EXERCISE BRIEF
In the records below, find the line with "Chemise à carreaux", then retype it and every following line exactly, stopping after the line with "2023-cü ilin aprel". Leave the pictures out.

(Data items)
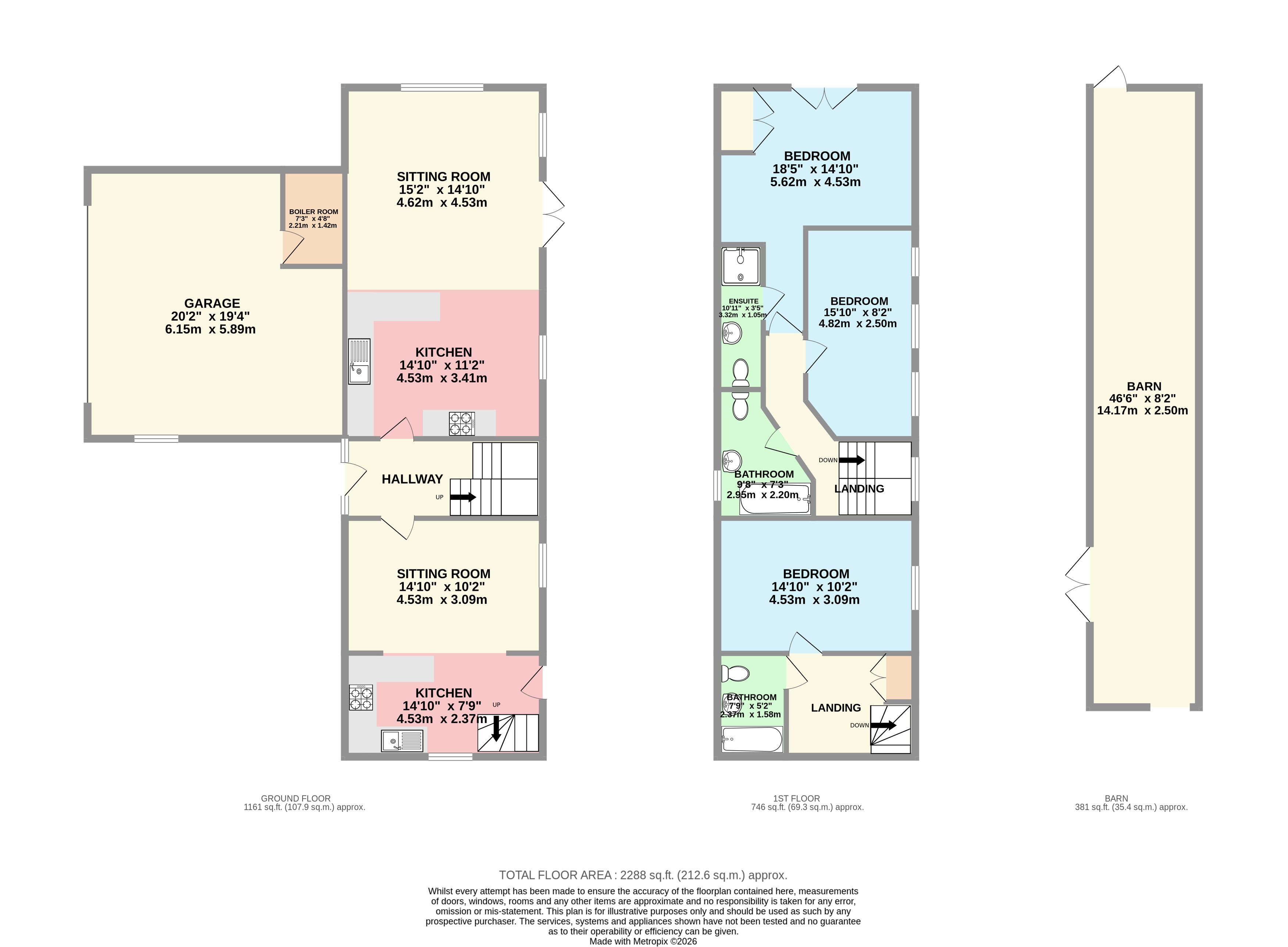 The Yoke includes an open plan kitchen and sitting room on the ground floor with access to the garden and a double bedroom and bathroom on the first floor. Attached to The Furrow is a large garage accessed from the parking area.
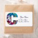 C bold alphabet lettre design initial .Musical, whimsical et artistique aquarelle peinture avec des couleurs vives rouge, bleu, jaune, blanc par Bulgan Lumini (c). Le Père Noël joue du violon dans la nuit d'hiver enneigée sous le ciel bleu, la lune et les étoiles jaunes avec un chouette amusant, expressif, chat et son sac de Noël plein de cadeaux colorés com
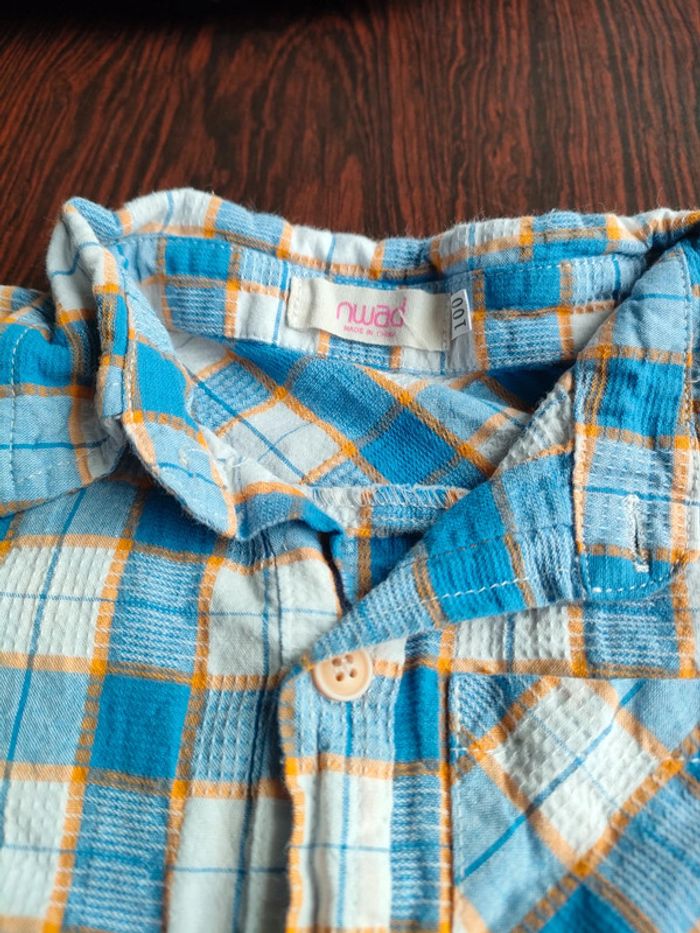 Chemise à carreaux bleu et orange Très bon état. Taille 100 Nwad #lipamonagarçon
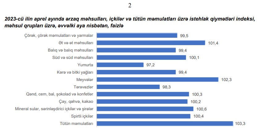 2023-cü ilin aprel ayında ərzaq məhsulları, içkilər və tütün məmulatları üzrə istehlak qiymətləri indeksi əvvəlki aya nisbətən 0,3 faiz, əvvəlki ilin aprel ayına nisbətən 15,1 faiz artıb.
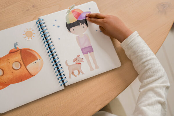 Zeszyt z naklejkami ubieranka Rosa&Friends i Jim&Friends od Little Dutch to niekończąca się przygoda z kreatywnością! W co dziś ubierzesz swoich ulubionych bohaterów Little Dutch? Dzięki tej książeczce – ubierance zamienisz się w kreatora lub kreatorkę mody. Książka zawiera 24 strony z wizerunkami Twoich ulubionych bohaterów Little Dutch, a także 12 stron z naklejkami najwspanialszych kostiumów, ubrań i akcesoriów. Zeszyt z naklejkami w wygodniej formie zeszytu na spirali wykonany jest z wytrzymałego kartonu. To idealne zajęcie zarówno w domu, jak i w podróży! Zeszyt z naklejkami zapewnia rozwój umiejętności motorycznych, kreatywności i koncentracji.
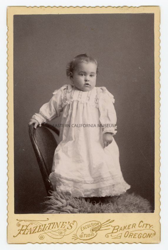 Mounted studio portrait of an unidentified baby in a white dress standing on a chair. Photographer is Hazeltine's Excelsior Studio of Baker City, Oregon.Collection
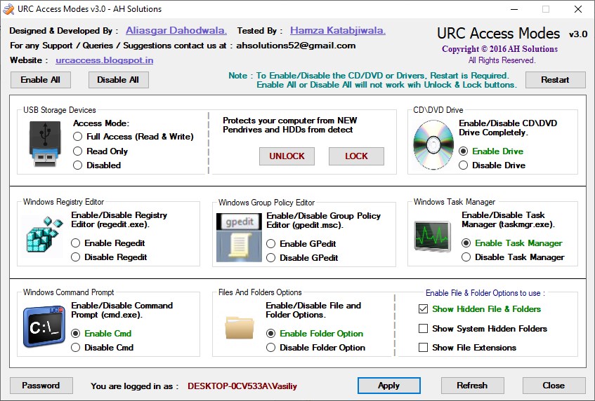 URC Access Modes 3.0 разработана компанией AHSOLUTIONS как инструмент для обеспечения безопасности персональных данных на устройствах под управлением Windows. Утилита даёт полный контроль над подключением USB-носителей, таких как флешки и внешние жёсткие диски, а также над использованием CD и DVD-приводов. Это особенно полезно в условиях ограниченного доступа к информации, например, в учебных заведениях, офисах или на общих компьютерах. Защита редактируется быстро, без необходимости углубляться в настройки операционной системы.
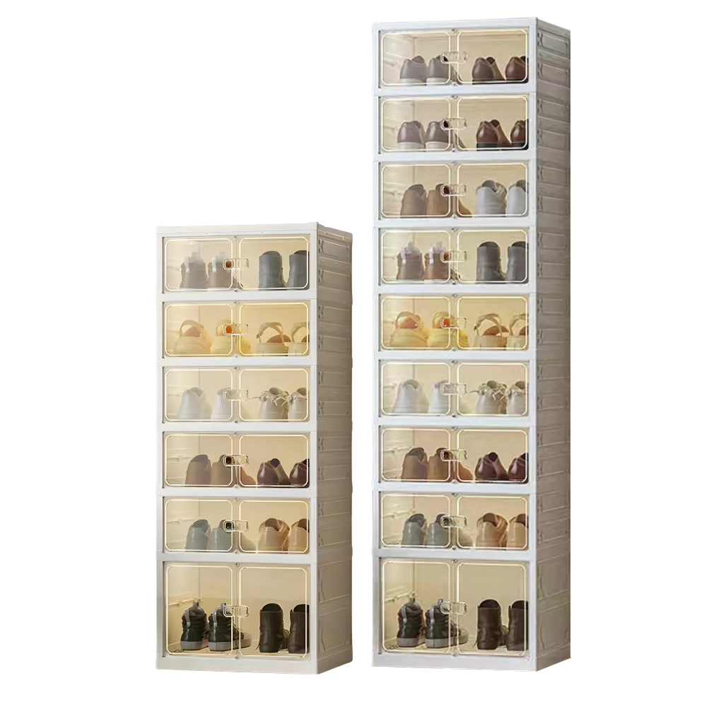 A wide, foldable shoe cabinet with dual rows and clear front visibility. Choose between 6-tier and 9-tier based on your storage needs.
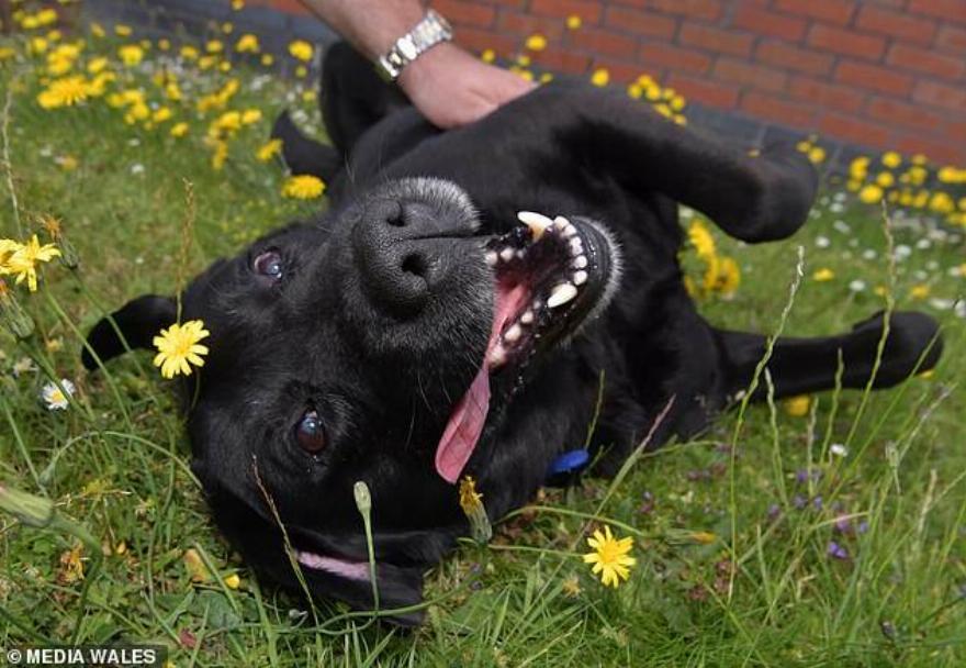 Αξιολάτρευτοι! Η εξαφάνισή του δεν άφησε τον Buster να σταματήσει να απολαμβάνει το τρίψιμο της κοιλιάς του στον κήπο.
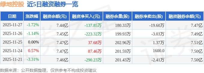 绿地控股融资融券信息显示,融资方面,当日融资买入1387.03万元,融资偿还1524.88万元,融资净偿还137.85万元。融券方面,融券卖出1.22万股,融券偿还20.82万股,融券余量180.33万股,融券余额308.36万元。融资融券余额7.47亿元。
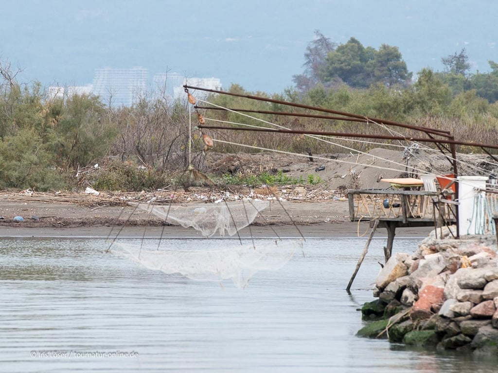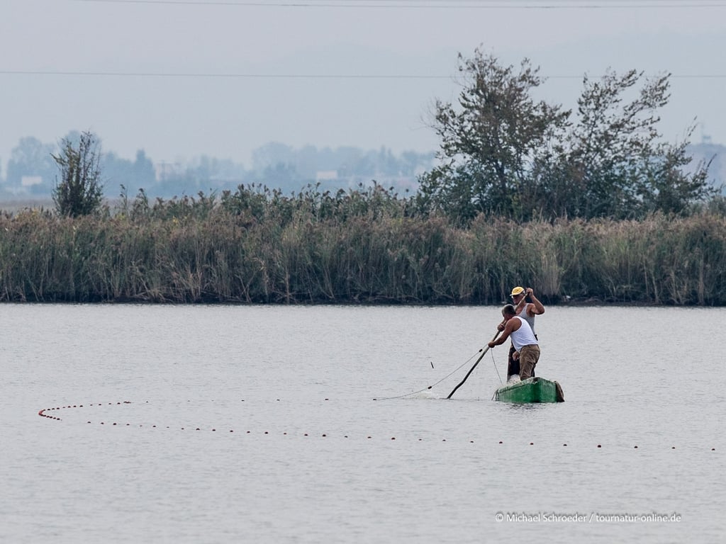 Die drei Lagunen vor Lezha bilden das Delta des Flusses Kleinen Drin. Neben den Hotelburgen im Norden gibt es südlich davon weitreichende Sumpfgebiete, die man zum Teil mit dem Auto befahren kann. Wir durchqueren die Hotelanlagen und biegen auf der Halbinsel Richtung Süden und erreichen die nördlichste Lagune:
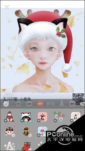 不过Faceu激萌软件中的圣诞节素材毕竟的少,还不能对贴纸拖拉调整大小,这会造成照片跟素材融合度会有瑕疵,且不能保证圣诞帽是自己喜欢的大小和角度。
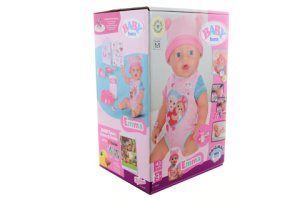 BABY born for babies Spinkáček veľkosti 30 cm má roztomilú čiapočku a hrkálku vo vnútri.
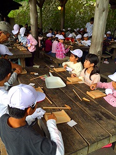 竹はし作りがスタートしました! ご飯で使うはしを自分で作ります。
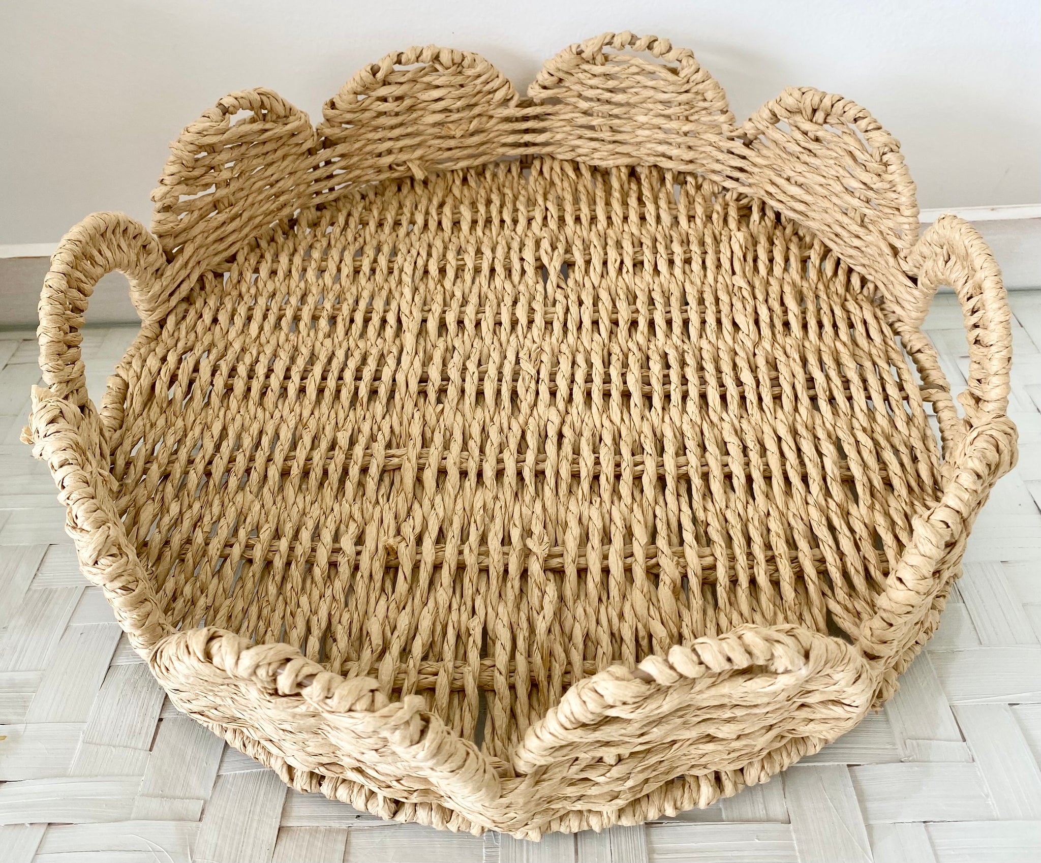 Basket - Lovely round scalloped reusable woven natural storage basket with cut out handles
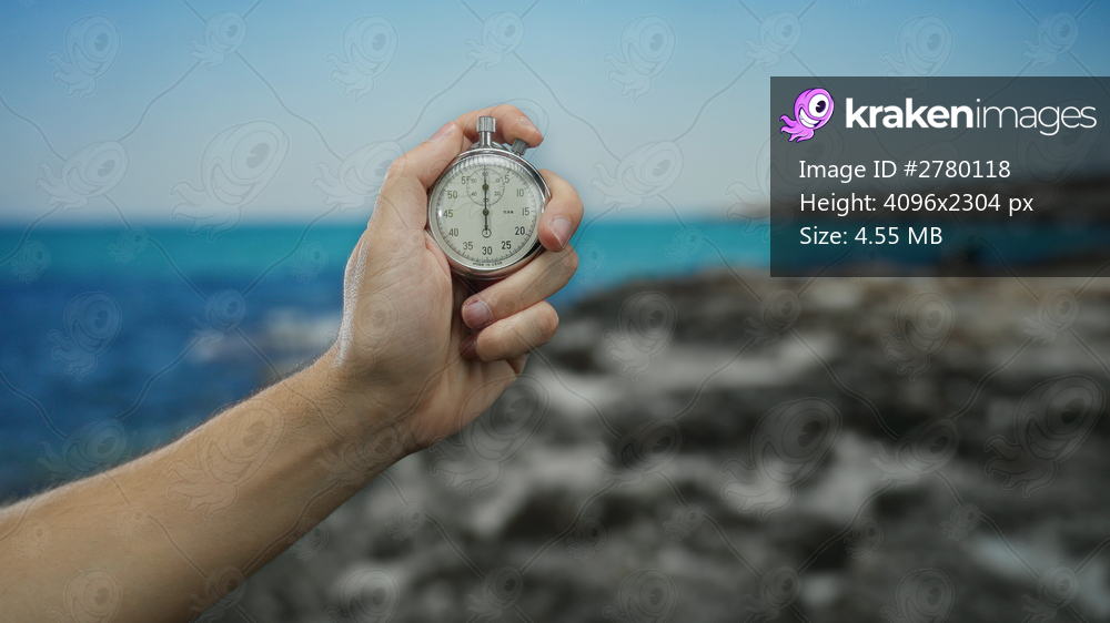 Man holding stopwatch on a scenic seaside beach with a clear blue sky, illustrating precision and timing in an outdoor setting.
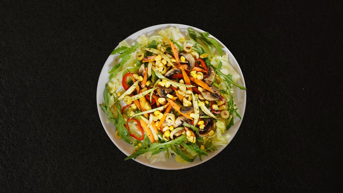 айсберг, рукола, царевица, моркови, тиквички на скара, зелени и червени чушки на скара, пресни гъби на скара, зелени маслини, дресинг по ваш избор 350г
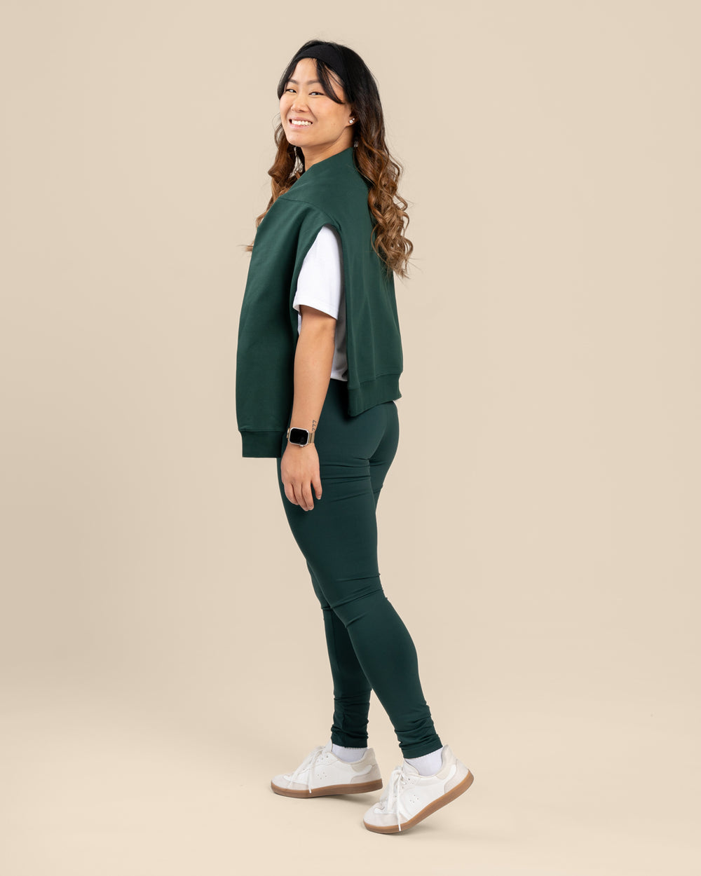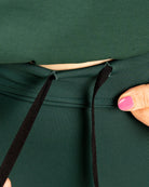 Leggingsit tummanvihreässä sävyssä. Mukavat ja joustavat leggingsit joka tilanteeseen. Materiaali on miellyttävän paksua, jolloin leggingsit tuntuvat ja näyttävät ryhdikkäiltä päällä, eikä niistä näy läpi. Vyötäröllä on kiristysnauha. Suosittelemme tätä keskimmäistä pituutta, jos jalkasi sisämitta on 77-90cm.

THE ANSWER
 Chemise à carreaux bleu et orange Très bon état. Taille 100 Nwad #lipamonagarçon
 2023-cü ilin aprel ayında ərzaq məhsulları, içkilər və tütün məmulatları üzrə istehlak qiymətləri indeksi əvvəlki aya nisbətən 0,3 faiz, əvvəlki ilin aprel ayına nisbətən 15,1 faiz artıb.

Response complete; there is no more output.